Zusammensetzung nach Anspruch 25, wobei der Säuger ein Mensch ist.
Zusammensetzung nach Anspruch 25, wobei Schritt (a) gefolgt wird von einer Bestrahlung der Zellen, und Schritt (b) nach einer Bestrahlung der Zellen erfolgt.
Zusammensetzung nach Anspruch 25, wobei die intakten Zellen weiterhin ein Antigen von einem umhüllten Virus exprimieren.
Zusammensetzung, umfassend intakte nicht-maligne Zellen, wobei die Zellen Haupt-Histokompatibilitätsantigene mit einer Vielzahl von Allotypen von einer gegebenen Säugetierspezies exprimieren.
Zusammensetzung nach Anspruch 1, weiterhin umfassend mindestens ein rekombinantes Haupt- oder geringfügiges allotypisches Antigen der Spezies.

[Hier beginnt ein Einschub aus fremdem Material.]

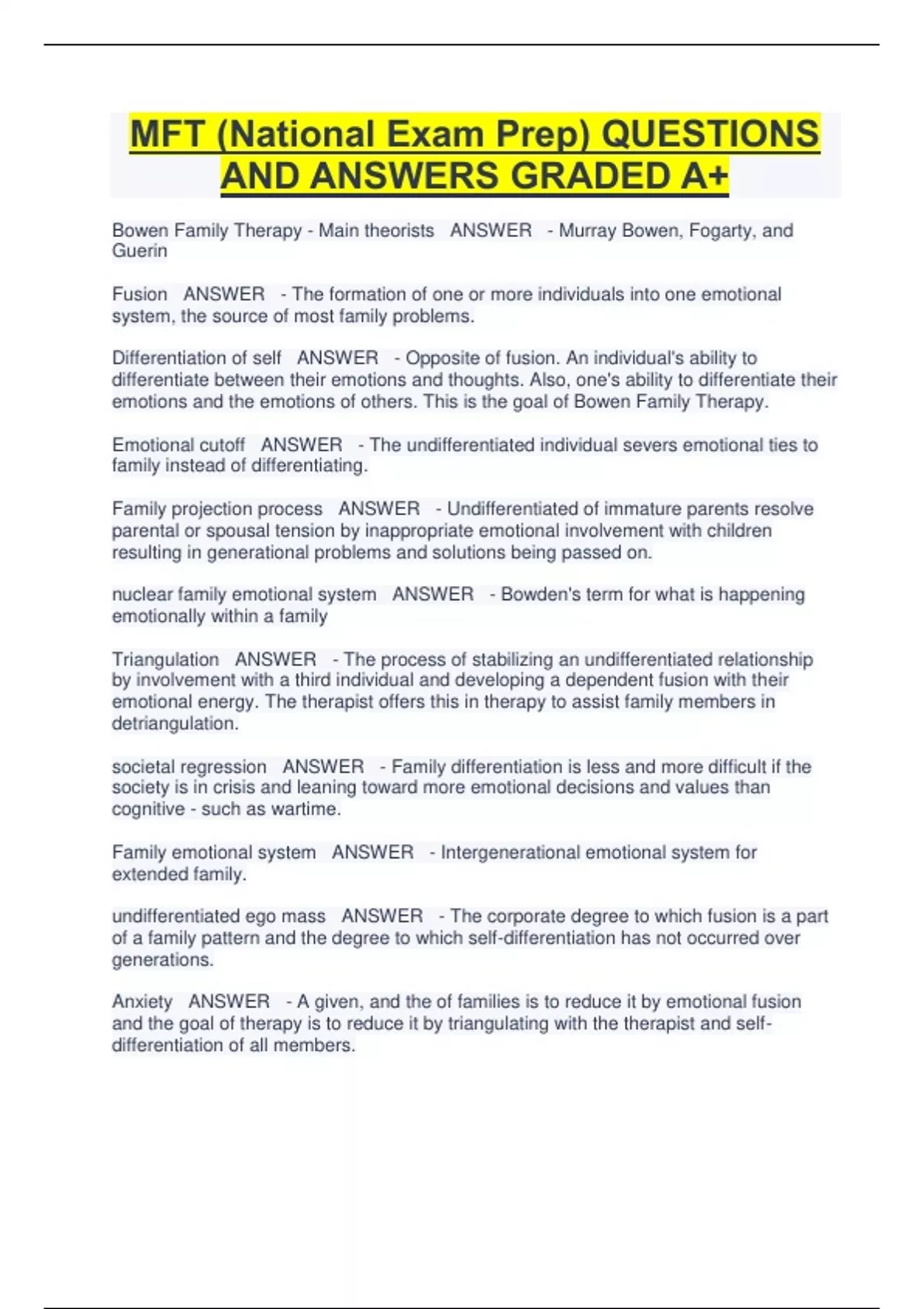 MFT (National Exam Prep) QUESTIONS AND ANSWERS GRADED A+

Zusammensetzung nach Anspruch 30, wobei das rekombinante Antigen in einem Wirt hergestellt wird, der ausgewählt ist aus der Gruppe bestehend aus Bakterien, Pilzen, Insektenzellen und Säugetierzellen.
Zusammensetzung nach Anspruch 23, wobei der Virus ein Togavirus ist.

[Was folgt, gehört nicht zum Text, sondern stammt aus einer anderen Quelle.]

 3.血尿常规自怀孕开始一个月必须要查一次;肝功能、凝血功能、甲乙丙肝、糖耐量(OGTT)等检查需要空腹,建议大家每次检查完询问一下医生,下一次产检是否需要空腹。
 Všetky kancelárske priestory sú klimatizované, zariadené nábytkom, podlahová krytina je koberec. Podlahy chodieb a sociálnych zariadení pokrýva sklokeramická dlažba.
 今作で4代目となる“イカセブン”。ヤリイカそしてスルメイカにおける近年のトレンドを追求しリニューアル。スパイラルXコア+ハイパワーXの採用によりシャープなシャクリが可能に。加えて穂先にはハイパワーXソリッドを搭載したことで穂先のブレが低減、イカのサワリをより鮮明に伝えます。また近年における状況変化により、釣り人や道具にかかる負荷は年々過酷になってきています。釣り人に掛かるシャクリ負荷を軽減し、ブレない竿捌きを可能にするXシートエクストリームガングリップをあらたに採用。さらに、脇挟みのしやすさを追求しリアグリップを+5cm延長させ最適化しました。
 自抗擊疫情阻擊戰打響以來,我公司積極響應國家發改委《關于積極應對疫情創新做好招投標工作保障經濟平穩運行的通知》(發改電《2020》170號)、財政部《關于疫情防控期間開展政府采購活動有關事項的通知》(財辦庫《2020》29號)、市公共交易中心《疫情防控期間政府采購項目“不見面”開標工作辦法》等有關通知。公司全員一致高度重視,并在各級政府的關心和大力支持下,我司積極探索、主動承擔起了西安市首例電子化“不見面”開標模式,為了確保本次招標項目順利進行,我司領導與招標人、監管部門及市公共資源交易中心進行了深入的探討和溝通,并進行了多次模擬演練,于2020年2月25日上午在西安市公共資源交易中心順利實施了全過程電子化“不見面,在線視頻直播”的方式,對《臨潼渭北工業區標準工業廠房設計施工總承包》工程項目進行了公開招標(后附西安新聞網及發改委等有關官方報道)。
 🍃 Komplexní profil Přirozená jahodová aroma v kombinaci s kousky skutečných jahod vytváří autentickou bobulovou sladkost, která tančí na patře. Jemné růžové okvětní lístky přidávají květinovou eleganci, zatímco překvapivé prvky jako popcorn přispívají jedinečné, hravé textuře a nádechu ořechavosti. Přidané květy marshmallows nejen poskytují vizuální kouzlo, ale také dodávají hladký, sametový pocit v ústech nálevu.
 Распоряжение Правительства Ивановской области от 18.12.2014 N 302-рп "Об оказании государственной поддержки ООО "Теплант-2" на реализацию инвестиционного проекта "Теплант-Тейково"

Zusammensetzung nach Anspruch 23, wobei der Virus ein Rhabdovirus ist.
Zusammensetzung nach Anspruch 23, wobei der Virus ein Flavivirus ist.
Zusammensetzung nach Anspruch 23, wobei der Virus ein Coronavirus ist.
Zusammensetzung nach Anspruch 23, wobei der Virus ein Filovirus ist.
Zusammensetzung nach Anspruch 23, wobei der Virus ein Paramyxovirus ist.
Zusammensetzung nach Anspruch 23, wobei der Virus ein Orthomyxovirus ist.
Zusammensetzung nach Anspruch 23, wobei der Virus ein Bunyavirus ist.
Zusammensetzung nach Anspruch 23, wobei der Virus ein Arenavirus ist.
Zusammensetzung nach Anspruch 23, wobei der Virus ein Pockenvirus ist.
Zusammensetzung nach Anspruch 23, wobei der Virus ein Iridovirus ist.